第695章鐘靈歸國
初五,早上起了場大霧,濃郁到五米之外人畜不分。
李建昆顛著李貴飛的大鳳凰,左右車把上各掛著一網兜拜年禮,后座上還綁著一只蛇皮袋,里面裝的是十斤肥膘肉,天將將亮時離家出發,由于天氣糟糕,鄉間小路又不好走,快到九點鐘才到達目的地
三大畈。
這地界過去不叫這個名,解放后改的,早年間叫鐘家灣。
一般以姓氏給一個村落命名,有兩種情況一,這個村落的多半人同姓;二,這里最有權勢的人家姓這個姓。
鐘家灣屬于后者。
“鐘”曾是這塊地界上地主的姓氏。
也就是鐘靈家。
她如果擱民國時出生,也算是大戶人家的千金,后面的歷史眾所周知,鐘家衰敗是必然,曾經有多豪橫,之后就有多凄慘。
不過真正的地主老財,鐘靈的爺爺,其實早年便過世了。那些田產和家財也早分掉了。
老話講人死如燈滅,鐘靈的父親多少有些被殃及,某些事更無法歸罪于六零年才出生的鐘靈身上。
李建昆心頭有股懊悔,怨自己前幾年怎么就沒想到過來看看,鐘家的窘迫家境大抵能夠想象,鐘靈曾說過,她父親已是個“廢人”。
而拋開他和鐘靈兩輩子的情感瓜葛不談,她至少還是自己比較親密的同學,從望海高中一起考到首都,且鐘靈當初選擇去首都念書,很大程度上是因為他。
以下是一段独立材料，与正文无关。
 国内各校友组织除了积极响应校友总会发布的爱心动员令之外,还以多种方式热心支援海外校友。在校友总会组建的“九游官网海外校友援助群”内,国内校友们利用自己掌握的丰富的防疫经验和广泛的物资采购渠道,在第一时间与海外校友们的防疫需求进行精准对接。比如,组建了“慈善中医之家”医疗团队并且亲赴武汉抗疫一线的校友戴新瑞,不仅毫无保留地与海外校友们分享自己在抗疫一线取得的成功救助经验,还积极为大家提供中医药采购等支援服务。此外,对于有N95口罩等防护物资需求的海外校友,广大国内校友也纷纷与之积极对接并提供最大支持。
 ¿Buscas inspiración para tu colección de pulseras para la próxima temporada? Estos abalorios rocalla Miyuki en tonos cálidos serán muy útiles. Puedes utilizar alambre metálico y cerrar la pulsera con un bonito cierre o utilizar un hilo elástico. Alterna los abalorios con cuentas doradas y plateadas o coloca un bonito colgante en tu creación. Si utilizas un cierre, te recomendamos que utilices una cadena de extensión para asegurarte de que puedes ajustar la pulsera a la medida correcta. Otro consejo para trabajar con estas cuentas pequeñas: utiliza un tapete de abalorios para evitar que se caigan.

鐘靈遠在東歐求學,人難歸,錢難匯,天知道鐘家過成了什么樣子。
帶著慚愧和自責,李建昆進村后開始尋人打聽。
“老鄉,鐘家怎么走有個閨女叫鐘靈的那家。”
李建昆原本以為不會收到什么好臉色,所以腰胯頂著自行車的同時,趕忙摸出包華子出來上煙,未曾預料到的是,在對面的大叔還沒仔細瞧他手中的煙盒之前,已經很熱絡地回應道
“哦,鐘家啊,走,我帶你去。”
說完這話,大叔才抬手接過香煙,眼睛漸漸睜大,態度愈發殷勤,一路搭話,詢問李建昆和鐘家的關系云云。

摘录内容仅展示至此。